▶ _Your goal_
The data must be given again exactly as written, with all images omitted.

▶ _Data shown_
'''

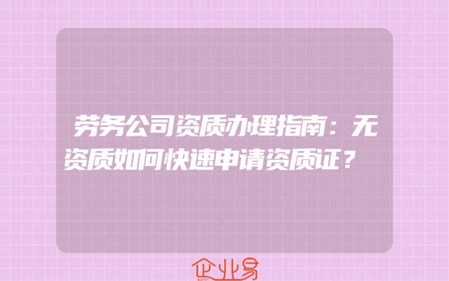 - 劳务公司资质办理指南:无资质如何快速申请资质证?
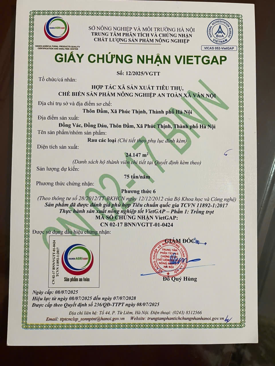 Thông tin sản phẩm Su su của HTX Vân Nội
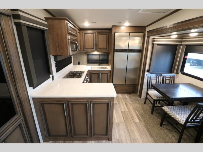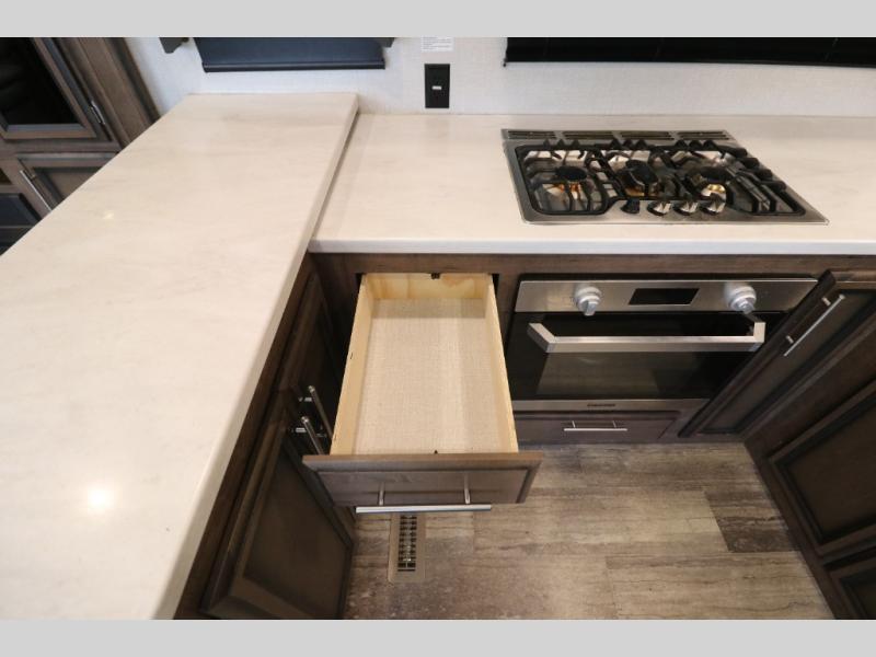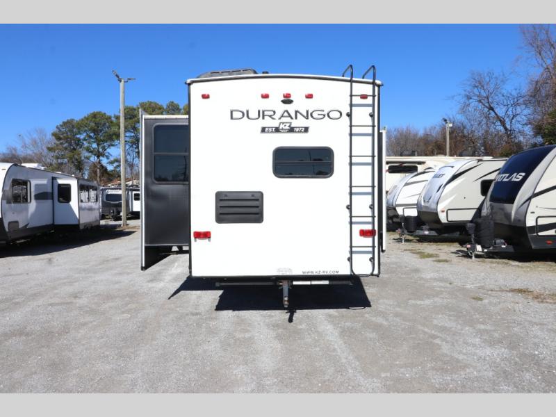 With any KZ Durango fifth wheel you will have the lightest high-profile, wide body, luxury fifth wheel in the industry with six-sided aluminum framing, the All Weather Insulation package which includes a heated, insulated and enclosed underbelly to travel during any climate, and Tufflex roofing material that is flexible, puncture resistant, and reflective. Each model features a fully-vented attic system with two attic vents providing vital escape routes for unwanted moisture, and the Durango Towing package which includes a 2" towing receiver hitch with 4-pin wire harness connection, a 3,000 lb. tow rating, and 300 lb. hitch rating. The interior includes features such as a Serta Comfort foam king bed, overhead storage with decorative shelving, a residential one-piece fiberglass shower stall with built-in seat and glass doors, a 24" oven with four-burner gas range and 30" convection microwave, plus many more features you will want to have. Make your choice today!

'''

▶ _Final answer_
 - 劳务公司资质办理指南:无资质如何快速申请资质证?
 Thông tin sản phẩm Su su của HTX Vân Nội
 With any KZ Durango fifth wheel you will have the lightest high-profile, wide body, luxury fifth wheel in the industry with six-sided aluminum framing, the All Weather Insulation package which includes a heated, insulated and enclosed underbelly to travel during any climate, and Tufflex roofing material that is flexible, puncture resistant, and reflective. Each model features a fully-vented attic system with two attic vents providing vital escape routes for unwanted moisture, and the Durango Towing package which includes a 2" towing receiver hitch with 4-pin wire harness connection, a 3,000 lb. tow rating, and 300 lb. hitch rating. The interior includes features such as a Serta Comfort foam king bed, overhead storage with decorative shelving, a residential one-piece fiberglass shower stall with built-in seat and glass doors, a 24" oven with four-burner gas range and 30" convection microwave, plus many more features you will want to have. Make your choice today!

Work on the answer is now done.